Пол замечает, куда направлен мой взгляд.
– Я приводил твою мама сюда, – говорит он. – До того, как она переехала в дом престарелых.
– Она обожала это место, – с усмешкой отвечаю я. – Приводила нас сюда каждую неделю. Только не в воскресенье утром вместе со всеми, а в субботу вечером, когда священник принимает исповедь.
– Да, всегда в субботу вечером, – говорит Пол. – Я ждал ее в машине по несколько часов. Никогда не мог понять, что за страшный грех она совершила, чтобы каждую неделю исповедоваться. Я к тому, что твоя мама была одной из самых кротких и добрых женщин из всех, кого я знал. За что она так себя винила?
Я пожимаю плечами:
– Кто знает, но натерпелась она немало. Может, в разговорах со священником она находила утешение.
– Да, может быть, – кивает Пол.
Мы идем дальше, и нашему взору открываются ряды могильных плит. Среди них много старинных надгробий девятнадцатого века, крошащихся и покрытых лишайником.
– Не знаю, как ты, – хмурится Пол, глядя на старые могилы, – но я бы хотел, чтобы меня кремировали.
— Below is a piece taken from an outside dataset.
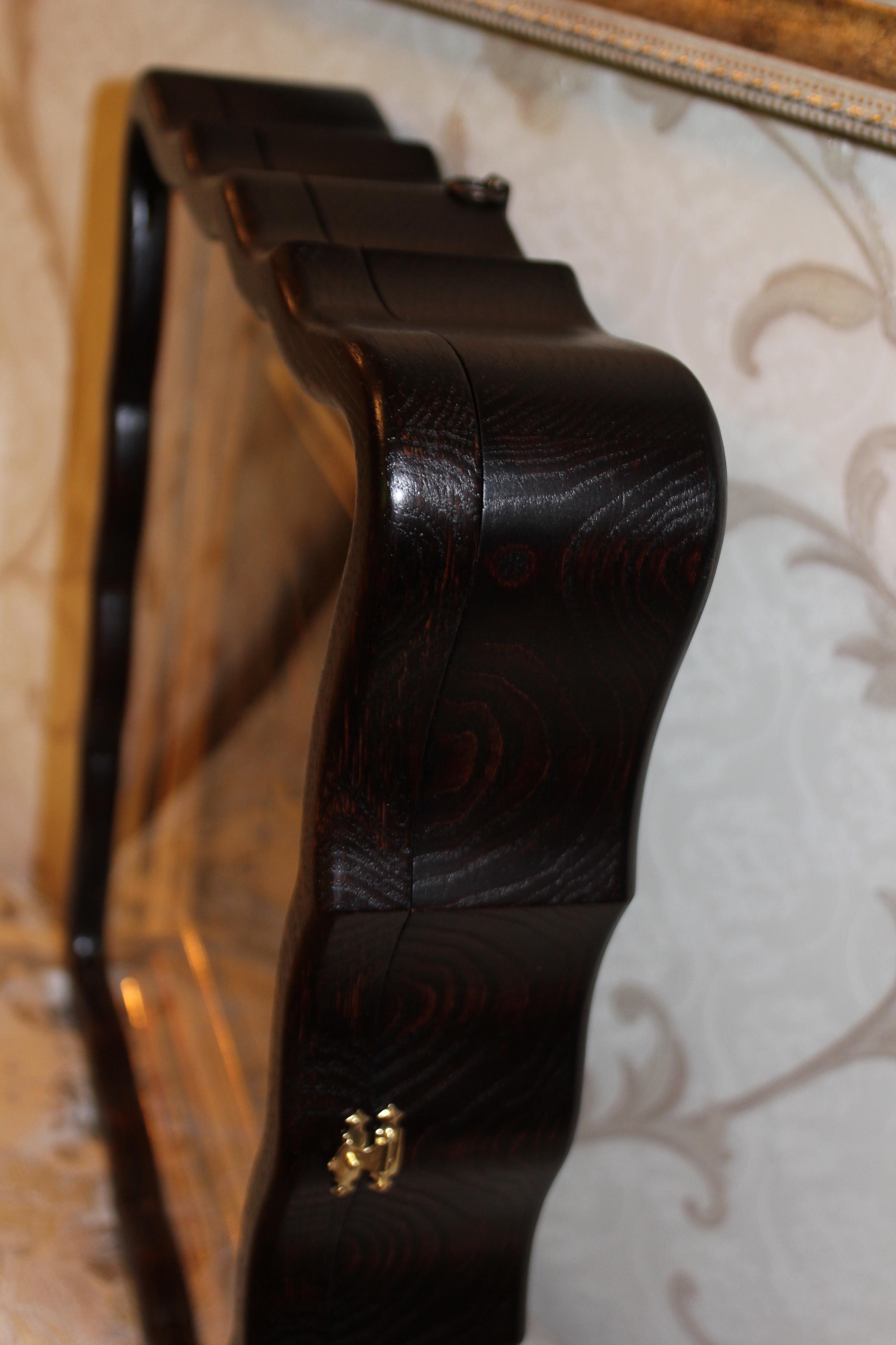 Киот из массива дуба с латунными жилками и латунной рамкой.

И никаких проблем.
– Я тоже, – говорю я. – Я уже указала это в своем завещании.
– Надо мне тоже указать, – отвечает Пол. – Чтобы не возникло недоразумений.
Шагая мимо старых могил, я замечаю знакомое имя, и по коже пробегают мурашки.
– Александра Уэйтс, – говорю я, остановившись у заросшего мхом надгробия. – До сих пор здесь.
– О чем ты? – спрашивает Пол. – Что еще за Александра Уэйтс?
– Девочка с крыльями ангела, – говорю я, указывая на изысканную скульптуру на могиле. – В детстве я часто представляла, будто вижу на этом кладбище призраков. Эту могилу я любила больше всего из-за крыльев и из-за того, что девочке было столько же лет, сколько и мне. Я сидела тут и рассказывала ей о своих бедах.
– Звучит немного странно, Кейт, – неловко посмеиваясь, говорит Пол.
– Наверное, это все из-за готических рассказов, которые я читала, – говорю я, пробегая пальцами по грубой поверхности крыльев. – Но мне действительно всегда становилось спокойнее, когда я приходила к Александре. Мне казалось, что она правда слушает.
– Как священник слушал твою маму, – говорит Пол.
– Думаю, да. Я часто здесь пряталась во время службы. Иногда даже курила, пока никто не видел.
– Бунтарка, – говорит Пол.
– Едва ли.
– Сколько тебе тогда было?
– Лет одиннадцать, – отвечаю я. – Я могла часами тут сидеть, представляя, как Александра жила, как она выглядела. Я решила, что у нее были темные волосы, как у меня, и что она мечтала стать писательницей, но поскольку она была всего лишь маленькой девочкой и жила в начале девятнадцатого века, никто не воспринимал ее всерьез. Поэтому она бросилась в море, ведь иначе жизнь не имела смысла. По крайней мере, такую историю я придумала.
– Хорошая история, – говорит Пол. – Хотя скорее всего она умерла от туберкулеза, как и большинство людей в то время.
– Ага, скорее всего, – соглашаюсь я. – Помню, когда я в последний раз сюда пришла, чуть не умерла со страху. Не знаю, что на меня нашло, но я решила вызвать ее дух и твердила без конца: «Александра Уэйтс, Александра Уэйтс». А потом вдруг услышала, как кто-то произнес мое имя. Мое полное имя.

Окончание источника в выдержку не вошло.